Each term in “Gene Ontology” has a number of attributes: a unique digital identifier, a name, a dictionary to which the term belongs, and a definition. The terms can have synonyms, which are divided into exactly corresponding to the meaning of the term, broader, narrower and somewhat related to the term. Attributes such as links to sources, to other databases and comments on the meaning and use of the term may also be present.

The ontology is built on the principle of a directed acyclic graph: each term is associated with one or more other terms through a different type of relationship.

The types of relations:

  • “A is a B” – A is a special case of B;
  • “A part of B” – A is part of B;
  • “B has part A” – B includes A;
  • “A regulates B” – A regulates B;
  • “A positively regulates B” – A positively regulates B;
  • “A negatively regulates B” – A negatively regulates B;
  • “A occurs in B” – A occurs at B.

Changes and additions are constantly made to the “Gene Ontology” database both by the curators of the GO project and by other researchers. Proposed user amendments are reviewed by the project editors and applied if the amendments are approved.

The file containing the entire database can be obtained in various formats on the official website of “Gene Ontology”, as well as terms are available online using the “Gene Ontology” AmiGO browser.

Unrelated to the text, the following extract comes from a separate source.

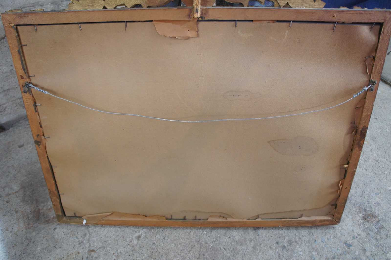 Fair condition, wear and distressing, split and missing gesso left corner, see pictures.

In addition, it can be used to extract a data array of gene products related to a particular term. You can also download maps of the correspondence of GO terms to other classification systems on the site.

Annotations

Genome annotation is aimed at obtaining information about the properties of gene products. GO annotations use the terms “Gene Ontology” for this. GO Consortium members post their annotations on the Gene Ontology website, where the annotations are available for direct download or for viewing in the AmiGO browser.

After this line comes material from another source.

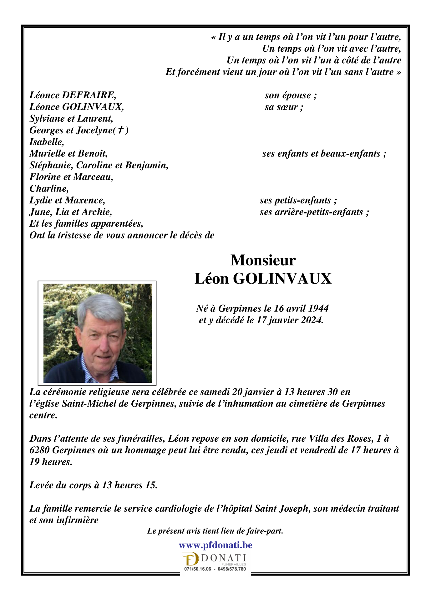 Décédé à Gerpinnes (6280) le mercredi 17 janvier 2024 à l'âge de 79 ans
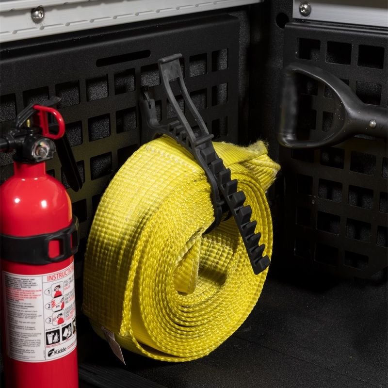 Secure your cargo in the back of your truck bed with this next level one of a kind truck bed storage organizing system. New from Putco are the Molle Panel inside truck bed panels system. This amazing cargo storage system is perfect for latching down nearly anything you want to secure in place like Molle bag, trail gear, construction gear, jacks, or anything your heart desires. Available for the bulkhead, side bed and tailgate area. Choose from getting the entire set or just getting one side. Great for Overlanding pickup trucks or work trucks to hang and organize gear, tools and more. These truck bedside organizers called molle panels are great for storing your gear and organizing your truck bed whether you use your pickup for work or play. Plus the are a must-have for the overland truck for your next outdoor adventure.Constructed out of durable CNC cut 10 gauge aluminum that is finished with a mini-textured black powder-coat. This American made panel system works with most industry-leading mounting accessories like Quickfist, Kolpin, Molle, and much more. Also, this come is compatible with most soft roll-up and hard fold cover on the market.Installing a Molle panel is simple with no drilling or cutting of any kind and its custom design for your year, make and model allows you to use your OEM tie-down area and other standard OEM features of your truck. Each panel is backed by a three-year warranty. So if you are tired of your cargo rolling around and want it secured in place the Putco Molle Panels are for you.

The gene annotation contains the following data: name and identifier of the gene product; related term GO; the type of data on which the annotation is based (evidence code); link to the source; as well as the creator and date of the annotation. There is a specific ontology for data types indicating evidence code, that is specific to the OBO project. It includes various methods of annotation, both manual and automatic. For example:

  • IDA (Inferred from Direct Assay) – experimental data;
  • TAS (Traceable Author Statement) – data from a scientific publication;
  • IMP (Inferred from Mutant Phenotype) – data obtained based on the mutant phenotype;
  • IGI (Inferred from Genetic Interaction) – based on gene interaction;
  • IPI (Inferred from Physical Interaction) – based on physical interaction;
  • RCA (Inferred from Reviewed Computational Analysis) – based on reliable computational analysis;
  • ISS (Inferred from Sequence Similarity) – based on sequence similarity;
  • IGC (Inferred from Genomic Context) – based on the genomic context;
  • IEP (Inferred from Expression Pattern) – based on the nature of the expression;
  • NAS (Non-traceable Author Statement) – based on unpublished data;
  • IEA (Inferred from Electronic Annotation) – based on automatic extraction of annotation from other databases;
  • IC (Inferred by Curator) – data assigned by the curator;
  • ND (No biological Data available) – no reliable data available.

As of September 2012, more than 99% of all annotations of the “Gene Ontology” were obtained automatically. Since such annotations are not manually checked, the GO Consortium considers them to be less reliable, and only some of them are available in the AmiGO browser. The complete base of annotations can be downloaded from the site of Gene Ontology.